Witnesses at the trial testified that they saw Nelson at his daughter’s birthday party around 2:15 p.m. the day of the murder — about two hours before Cameron’s body was discovered — and the state failed to explore whether Cameron was still alive after meeting with Nelson and what may have happened between 2:15 and the time when his body was discovered around 4 p.m., according to the filing.

Testifying on his own behalf, Nelson told the court that on the day of Cameron’s death, he met with him to tell him he didn’t have the money he owed him but did not kill him. Cameron was found dead around 4 p.m. that afternoon after his girlfriend, Virginia Hayden, grew worried that he had not returned home and discovered his truck down the road.

Nelson’s trial attorney, Phil Mohlar, told the court in 2012 that state police never looked at anyone but him as a suspect and conducted a poor investigation.

“Cameron was reaching out to people that day and had contact with other people in the drug community. He made calls to other people. What about those people who called Cameron before Rob? What if they made arrangements with him?” Mohlar said.

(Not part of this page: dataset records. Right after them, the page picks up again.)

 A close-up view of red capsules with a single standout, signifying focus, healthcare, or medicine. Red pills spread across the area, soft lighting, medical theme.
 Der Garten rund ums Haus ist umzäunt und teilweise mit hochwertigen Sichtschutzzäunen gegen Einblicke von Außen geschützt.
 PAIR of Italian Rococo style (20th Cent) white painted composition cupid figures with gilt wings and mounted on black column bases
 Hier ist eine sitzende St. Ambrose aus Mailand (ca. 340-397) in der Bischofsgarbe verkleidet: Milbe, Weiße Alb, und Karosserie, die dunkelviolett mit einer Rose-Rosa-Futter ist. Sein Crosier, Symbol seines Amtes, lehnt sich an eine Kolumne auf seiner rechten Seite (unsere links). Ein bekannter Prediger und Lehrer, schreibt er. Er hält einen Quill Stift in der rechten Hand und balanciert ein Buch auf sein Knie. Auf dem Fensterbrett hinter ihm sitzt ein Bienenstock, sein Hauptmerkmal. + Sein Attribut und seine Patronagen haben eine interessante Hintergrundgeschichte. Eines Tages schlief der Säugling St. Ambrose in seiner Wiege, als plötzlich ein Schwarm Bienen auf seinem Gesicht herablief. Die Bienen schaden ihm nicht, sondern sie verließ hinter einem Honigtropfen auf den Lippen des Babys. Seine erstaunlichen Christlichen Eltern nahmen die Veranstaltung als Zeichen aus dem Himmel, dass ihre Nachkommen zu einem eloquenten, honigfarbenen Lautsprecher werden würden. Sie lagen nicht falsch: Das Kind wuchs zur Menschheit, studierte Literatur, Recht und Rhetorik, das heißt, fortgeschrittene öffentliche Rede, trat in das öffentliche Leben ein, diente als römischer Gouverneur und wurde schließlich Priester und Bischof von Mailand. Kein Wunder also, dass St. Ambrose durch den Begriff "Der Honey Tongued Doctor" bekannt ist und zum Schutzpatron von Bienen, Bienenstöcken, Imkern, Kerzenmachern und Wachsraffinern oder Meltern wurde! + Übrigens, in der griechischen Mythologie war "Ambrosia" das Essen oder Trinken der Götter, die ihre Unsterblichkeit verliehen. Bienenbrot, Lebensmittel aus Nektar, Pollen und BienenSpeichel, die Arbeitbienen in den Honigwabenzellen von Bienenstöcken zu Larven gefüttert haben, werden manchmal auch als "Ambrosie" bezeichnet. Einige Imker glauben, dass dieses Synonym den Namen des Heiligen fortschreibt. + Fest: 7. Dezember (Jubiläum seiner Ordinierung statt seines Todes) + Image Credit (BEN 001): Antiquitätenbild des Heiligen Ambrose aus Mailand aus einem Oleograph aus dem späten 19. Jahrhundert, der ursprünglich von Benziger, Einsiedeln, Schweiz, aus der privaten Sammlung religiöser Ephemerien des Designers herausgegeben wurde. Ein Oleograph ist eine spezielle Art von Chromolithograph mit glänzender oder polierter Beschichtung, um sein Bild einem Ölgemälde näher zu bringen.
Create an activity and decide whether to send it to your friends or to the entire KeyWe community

John Nivison, then a Somerset County Superior Court justice, decided the case in a jury-waived trial and said that even without a murder weapon, DNA evidence and eyewitness accounts, the state’s circumstantial evidence against Nelson was sufficient to prove him guilty.

In his 2013 appeal to the Maine Supreme Judicial Court, Nelson also argued that there was insufficient evidence in the trial to convict him, but a panel of six judges contradicted the argument, saying there was ample evidence to find him guilty beyond a reasonable doubt.

“This is not a case where the testimony or evidence is in dispute, what’s in dispute is the way the trial judge, sitting as the fact finder, unreasonably interpreted those facts and completely abandoned the presumption of innocence,” Nelson wrote to the federal court.